A brace of popular science articles on aging research were recently published at the Economist. Like many of these views from a distance written by journalists on the outside, peering into the field, one must assume that its existence is largely the result of the sizable investments made over the last two years into the development of therapies based on partial reprogramming. The Altos Labs funding in particular represented a meaningful fraction of all investment into biotech made that year. That tends to attract attention. From there, an investigator would notice an additional broad focus on cellular senescence, many companies and research groups working towards the development of senolytic therapies to clear senescent cells from aged tissues.
After that, however, there are few obvious high points for the outside observer to focus on. Epigenetic clocks, perhaps. The relentless self-promoters such as David Sinclair. But it quickly starts to become harder to figure out what is going on, which of the hundreds of small biotech companies and research groups in the field, trying to treat age-related disease by focusing on mechanisms of aging, are important. It is certainly the case that theories of aging abound, and researchers disagree on which paths are best. A sizable fraction of the progress of the next twenty years in the matter of treating aging as a medical condition will arise not because of the where the mainstream is focused, but will occur because a few small biotech companies tried something and it turned out to be far more useful than most of the community expected it to be.
There are advantages and disadvantages to the way in which distribution of funding tends to follow a power law. The projects at the top of the list, such as partial reprogramming, will definitely have enough funds to determine whether or not these are good approaches to rejuvenation. If they fail, then on to the next. Something will be accomplished, one way or another. But aging is a complex process of many different mechanisms, and many different approaches to therapy will be needed, not just one. Exploring the potential of the rest of the projects, underneath those at the top of the list, is just as necessary in the long run.
Slowing, let alone reversing, the process of ageing was once alchemical fantasy. Now it is a subject of serious research and investment. Peter Thiel, a co-founder of PayPal, Larry Page and Sergey Brin, co-founders of Google, and Jeff Bezos, founder of Amazon, have all invested in, and often been instrumental in the creation of, firms trying to prolong lifespan and healthspan.

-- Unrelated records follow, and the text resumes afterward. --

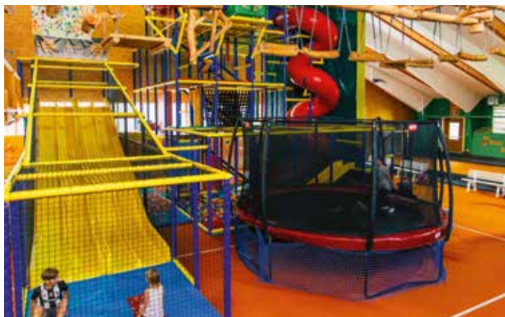
Children can really let off steam in the 1,200m 2 Playarena with indoor and outdoor areas
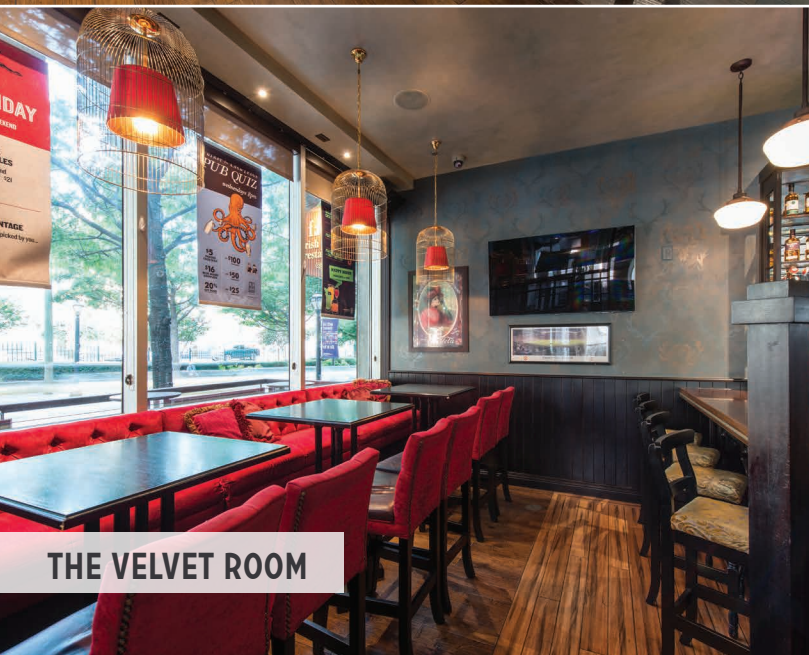
THE VELVET ROOM
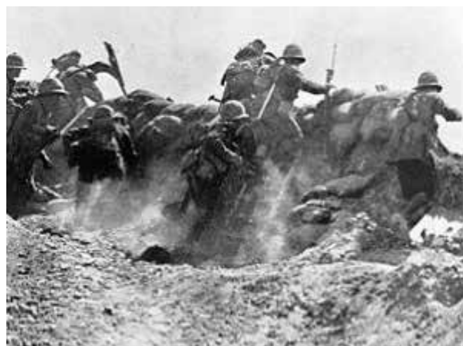
Going over the top: troops leave a trench at Gallipoli

After eight months' hard fighting with appalling casualties, both from disease and combat, the allied forces withdrew in January 1916, in ironically the most successful part of the whole operation, without losing a single casualty, but thousands had already paid the ultimate price with their lives.
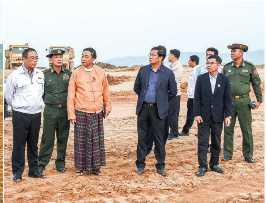
Vice President U Henry Van Thio inspecting the current status of Surbon airport project in Falam.

“AS the Reekhorda-Zokhawthar border gate has become an international level facility it will help develop tourism as well as trade,” said Vice President U Henry Van Thio during his inspection of the freight handling yard there yesterday.
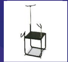
Sousaphone Chair Page 19

Always in demand, the Ensemble Stool features telescoping legs and a sealed natural wood seat.

In March Sam Altman, the head of OpenAI, revealed that two years ago he had invested $180m in Retro Biosciences, a Silicon Valley firm founded with the goal of adding ten years to healthy human lifespans.
Beneath the forest canopy of firms backed by tech royalty an undergrowth of more conventionally financed startups is working on drugs that might slow or stall some aspects of ageing. Even closer to the ground, the idea is catching on of prolonging lifespan and healthspan using pills and potions that are already available, in addition to (and sometimes instead of) the conventional approach of diet, exercise, and early-to-bed. A culture of do-it-yourself lifespan extension is emerging, at least in affluent places endowed with the sort of technical expertise and technological hubris identified with Silicon Valley.

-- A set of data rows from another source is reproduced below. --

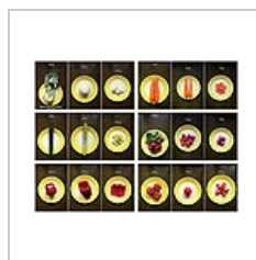
Zelenina.jpg 900 × 675; 308 KB
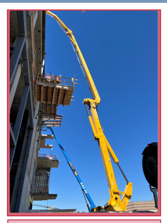
Concrete Pump Truck
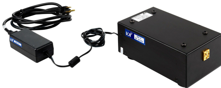
Figure 3. The power supply is connected to the frequency extension module.

Each E8257DVxx frequency extension module comes standard with an external 9 V DC power supply.
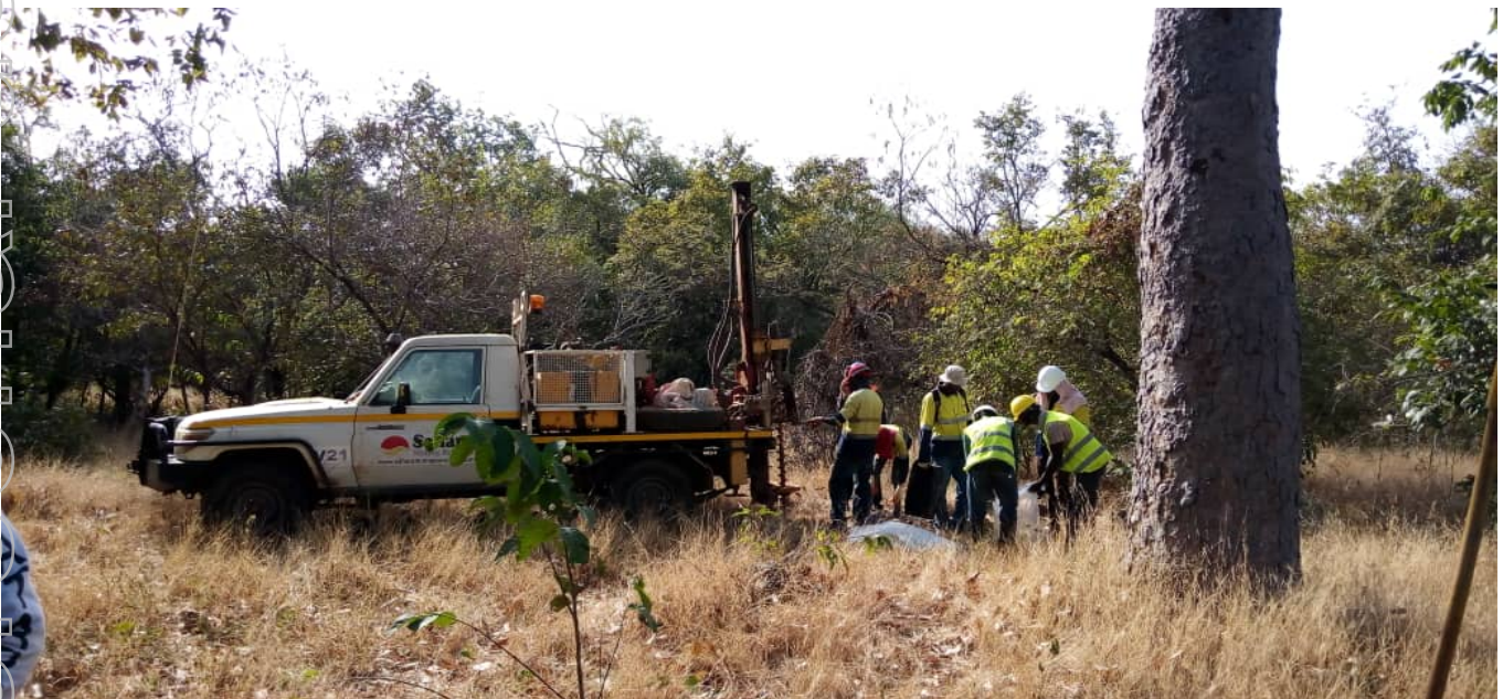
Figure 5: Drill Rig & Crew undertaking Drilling Operations

The drill program has confirmed the presence of very high-grade Conglomerate Bauxite as mapped within the Bouba Plateau.
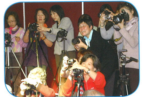
Students enjoy photography classes at the Chinese Leisure Learning Centre

English conversation classes are held at Macquarie Park.
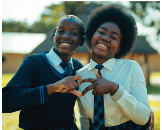
Riverside Farms highschool students, Zambia.

Share this video with 3 friends so they can see how sponsorship is making a difference in a child's life.
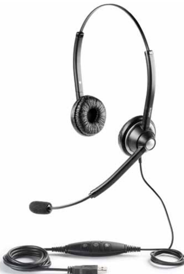
Jabra BIZ 1900 USB

The Jabra BIZ 1900 Series is also available in a QD (Quick Disconnect) variant.
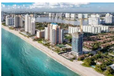
As the Market Strengthens, Miami Builders Look North
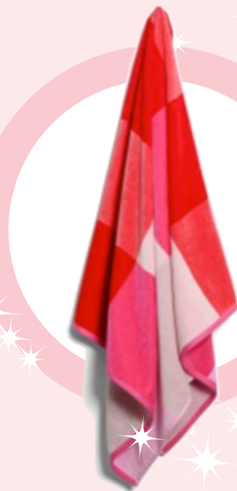
CANNINGVALE LOTTIE BEACH TOWEL A thick velour finish allows for a soft silky touch to the fashionable summer coloured towel with bold block grid arrangement. 86 x 160cm
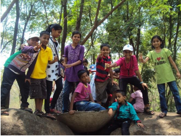
Every year, H.O.P.E. invites some 100 children from a less advantaged background to a week of joy and happiness

As it gets summer, the children of Vadgaon Sheri get excited – they know that there is something special coming up for them. 21 st April 2014, it was their turn: H.O.P.E.'s annual Summer camp for children started. A whole week of fun, laughter, happiness provided by H.O.P.E. for some 100 children from less advantaged background.
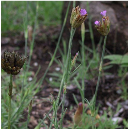
Proliferous pink ( Petrohragia nanteuillii ) has grey-green narrow leaves in pairs and clusters of tiny pink flowers. The seed capsules are at centre left above.

Following are three minor weeds, for which control is not necessary. They seldom become very abundant and are only annuals.
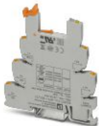
6.2 mm PLC basic terminal block with push-in connection, without relay or solid-state relay, for mounting on DIN rail NS 35/7,5, 1 PDT, input voltage 12 V DC

Please be informed that the data shown in this PDF Document is generated from our Online Catalog. Please find the complete data in the user's documentation. Our General Terms of Use for Downloads are valid ( http://phoenixcontact.com/download )
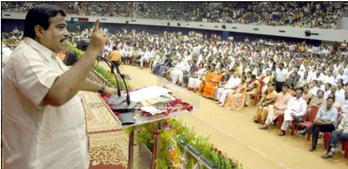
BJP National President Shri Nitin Gadkari addressing a huge gathering at Netaji Indoor Stadium, Kolkata

The BJP president blamed the Centre for allowing import of "rotten wheat at Rs 19.50 a kg, whereas local wheat was sold for
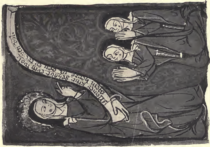
SUBJECT UNCERTAIN: PROBABLY BLESSED AGNES OF BOHEMIA AND TWO SISTERS. (From MS. M.281 Royal Library, Dresden.)
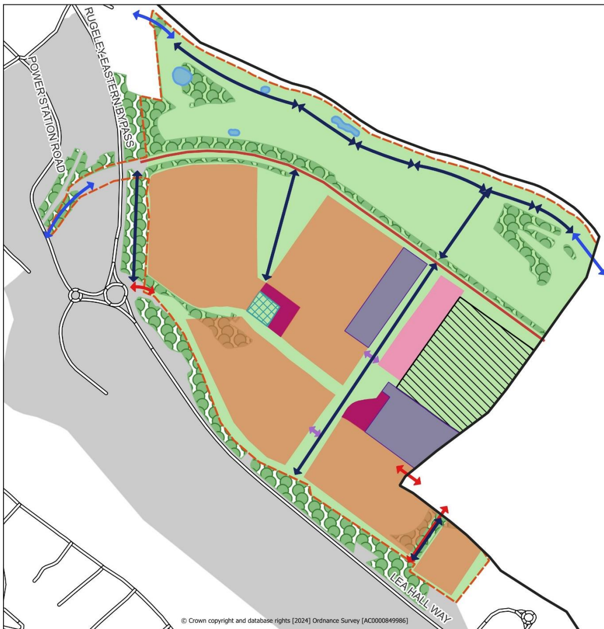
Figure 2 Agreed proposed replacement concept diagram

Many in mainstream science and medicine look at all this slightly askance. That is understandable. It is an area which attracts chancers and charlatans as well as those with more decent motives, and its history is littered with "breakthroughs" that have led more or less nowhere. America's Food and Drug Administration does not recognise "old age" as a disease state, and thus as a suitable target for therapy. Nevertheless, evidence has been accumulating that such research might have something to offer.

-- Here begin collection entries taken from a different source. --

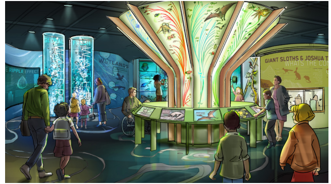
Changing Earth - Life - Biosphere Rendering
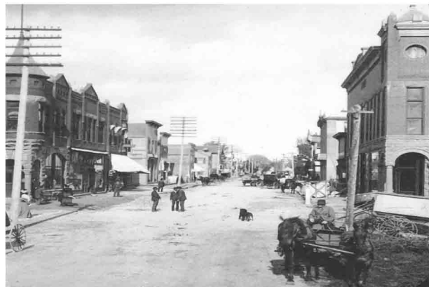
Early 1900 street scene, looking east on Mulholland
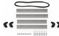
iM2275-BEZEL Base Bezel Kit
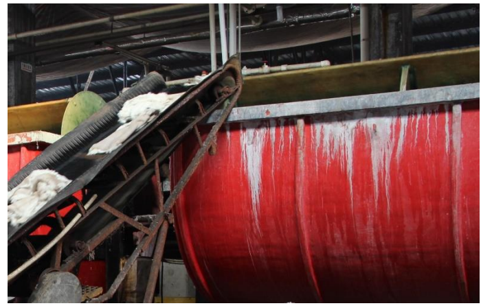
After degreasing, the skins are tanned, then stacked to drain.

Reloading paddles on completion of laying period after pickle.
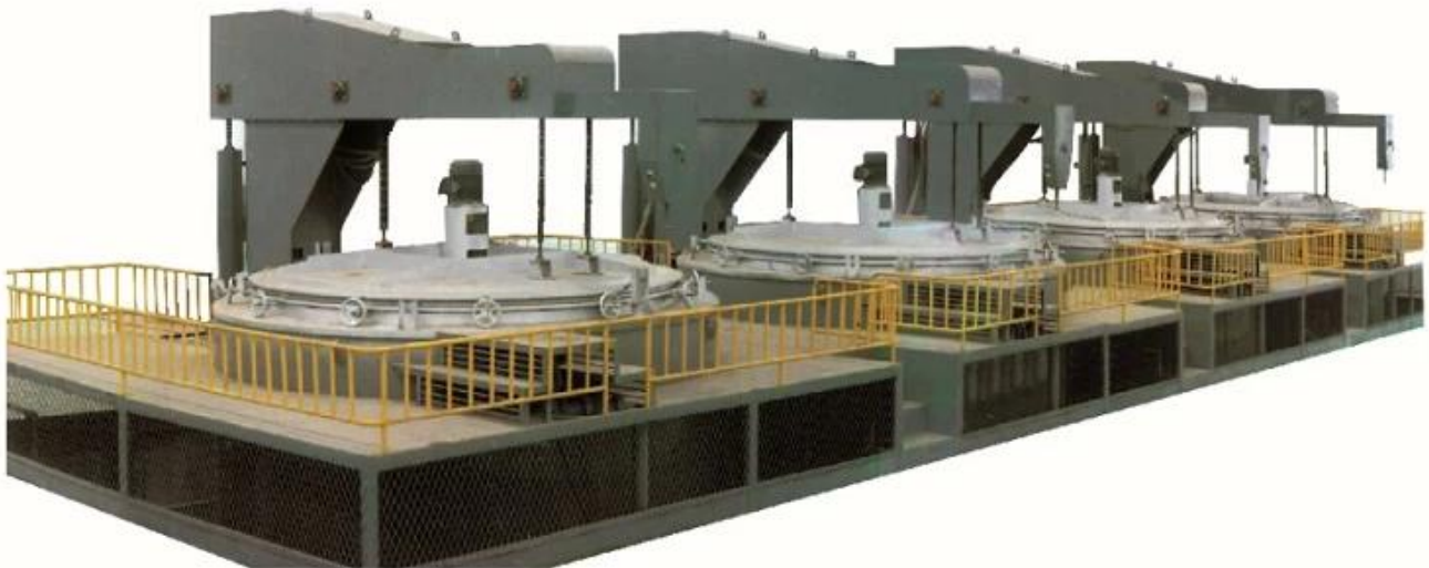
Well Type Electric Annealing Furnace
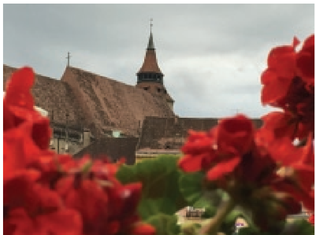
The black church in Kronstadt
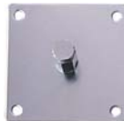
KS-011 100mm Square Mounting Plate
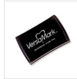
VersaMark Pad 102283
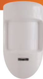
Complete range of PIR Sensors
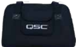
K.2 Series Totes
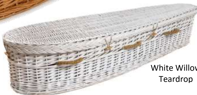
White Willow Teardrop

A range of woven coffins designed by Tributes and crafted in the UK and other parts of the world.

Some established drugs really do seem to extend life, at least in mice. That offers both the possibility that they might do so in people and some insight into the processes involved. The ever-greater ease with which genes can be edited helps such investigations, as does access to large amounts of gene-sequence data. The ability to produce personalised stem cells, which stay forever young, has opened up new therapeutic options. And new diagnostic tools are now offering scientists means to calculate the "biological ages" of bodies and organs and compare them with actual calendar ages. In principle this allows longevity studies to achieve convincing results in less than a lifetime.
Another reason for hope is that the physiological details of ageing are becoming clearer. In particular, those researching the question have been able to divide the problem into bite-sized chunks that can, to some extent, be tackled individually. Researchers have proposed 12 hallmarks of ageing chosen on the basis that they are all things which typically get worse with age, which accelerate ageing if stimulated and which seem to slow it down if treated. Some of these smaller (if often still huge) problems are attractive targets for intervention in their own right; chronic inflammation, for example, or the build-up of aberrant proteins seen in Alzheimer's disease. George Church of Harvard University, a biotech guru unafraid of the unorthodox, thinks the approach could offer more than that: identify and deal with each of the components separately and you may find you have solved the problem in its entirety.